## [WHAT IS EXPECTED]
Write again exactly the lines in the listing below, starting at the line with "2- Personaliza las" and ending at the line with "-. Feature : Invicta", both included. Pictures are not copied.

## [EXERCISE MATERIALS]
--- START ---

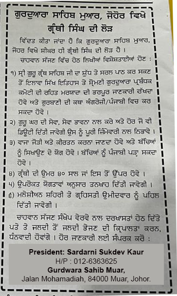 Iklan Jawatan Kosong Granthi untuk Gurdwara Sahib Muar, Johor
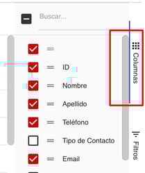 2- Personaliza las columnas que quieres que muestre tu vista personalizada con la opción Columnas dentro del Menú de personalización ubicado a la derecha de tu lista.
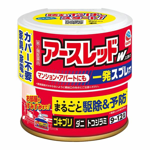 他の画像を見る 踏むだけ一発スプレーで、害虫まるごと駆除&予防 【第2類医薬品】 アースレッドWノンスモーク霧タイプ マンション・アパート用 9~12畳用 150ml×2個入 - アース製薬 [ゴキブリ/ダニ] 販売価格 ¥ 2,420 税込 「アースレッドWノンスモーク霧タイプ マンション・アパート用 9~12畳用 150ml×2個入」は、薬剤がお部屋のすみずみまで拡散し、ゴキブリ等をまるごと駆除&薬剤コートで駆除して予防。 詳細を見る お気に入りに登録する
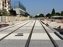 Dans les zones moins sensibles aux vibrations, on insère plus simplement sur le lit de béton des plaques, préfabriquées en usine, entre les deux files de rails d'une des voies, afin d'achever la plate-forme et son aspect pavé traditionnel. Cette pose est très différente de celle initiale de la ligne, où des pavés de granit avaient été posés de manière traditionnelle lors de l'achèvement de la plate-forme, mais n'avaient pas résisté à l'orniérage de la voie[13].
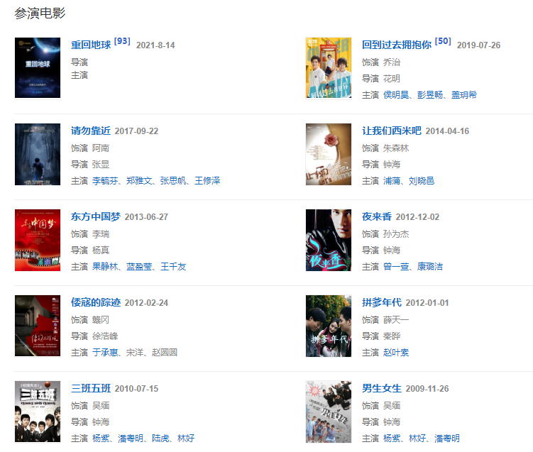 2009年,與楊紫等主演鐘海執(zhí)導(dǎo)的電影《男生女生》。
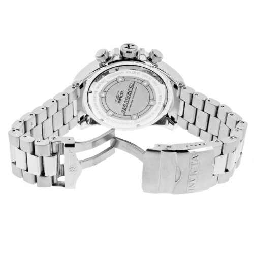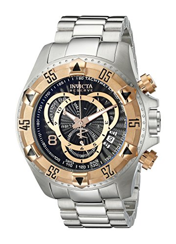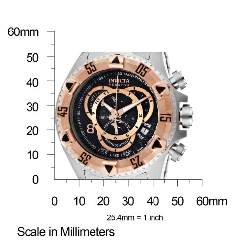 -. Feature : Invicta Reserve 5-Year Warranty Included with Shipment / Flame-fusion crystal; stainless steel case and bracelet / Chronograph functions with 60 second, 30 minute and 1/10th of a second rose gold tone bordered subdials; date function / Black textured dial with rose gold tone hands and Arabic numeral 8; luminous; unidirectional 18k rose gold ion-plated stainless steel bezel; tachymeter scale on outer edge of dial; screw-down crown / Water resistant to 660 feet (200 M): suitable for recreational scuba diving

--- END ---
--- START ---

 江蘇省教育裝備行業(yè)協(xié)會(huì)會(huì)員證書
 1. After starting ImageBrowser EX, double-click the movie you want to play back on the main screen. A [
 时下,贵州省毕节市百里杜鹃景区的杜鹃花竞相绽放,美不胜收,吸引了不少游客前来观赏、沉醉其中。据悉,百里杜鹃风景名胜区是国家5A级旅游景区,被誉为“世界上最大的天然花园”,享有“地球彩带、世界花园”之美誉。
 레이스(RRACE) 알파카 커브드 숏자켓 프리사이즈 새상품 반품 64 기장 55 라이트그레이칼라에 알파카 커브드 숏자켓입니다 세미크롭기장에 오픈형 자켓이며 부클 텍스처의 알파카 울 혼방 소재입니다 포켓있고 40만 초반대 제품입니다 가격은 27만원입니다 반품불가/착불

--- END ---

## [RESPONSE TO THIS TASK]
 2- Personaliza las columnas que quieres que muestre tu vista personalizada con la opción Columnas dentro del Menú de personalización ubicado a la derecha de tu lista.
 他の画像を見る 踏むだけ一発スプレーで、害虫まるごと駆除&予防 【第2類医薬品】 アースレッドWノンスモーク霧タイプ マンション・アパート用 9~12畳用 150ml×2個入 - アース製薬 [ゴキブリ/ダニ] 販売価格 ¥ 2,420 税込 「アースレッドWノンスモーク霧タイプ マンション・アパート用 9~12畳用 150ml×2個入」は、薬剤がお部屋のすみずみまで拡散し、ゴキブリ等をまるごと駆除&薬剤コートで駆除して予防。 詳細を見る お気に入りに登録する
 Dans les zones moins sensibles aux vibrations, on insère plus simplement sur le lit de béton des plaques, préfabriquées en usine, entre les deux files de rails d'une des voies, afin d'achever la plate-forme et son aspect pavé traditionnel. Cette pose est très différente de celle initiale de la ligne, où des pavés de granit avaient été posés de manière traditionnelle lors de l'achèvement de la plate-forme, mais n'avaient pas résisté à l'orniérage de la voie[13].
 2009年,與楊紫等主演鐘海執(zhí)導(dǎo)的電影《男生女生》。
 -. Feature : Invicta Reserve 5-Year Warranty Included with Shipment / Flame-fusion crystal; stainless steel case and bracelet / Chronograph functions with 60 second, 30 minute and 1/10th of a second rose gold tone bordered subdials; date function / Black textured dial with rose gold tone hands and Arabic numeral 8; luminous; unidirectional 18k rose gold ion-plated stainless steel bezel; tachymeter scale on outer edge of dial; screw-down crown / Water resistant to 660 feet (200 M): suitable for recreational scuba diving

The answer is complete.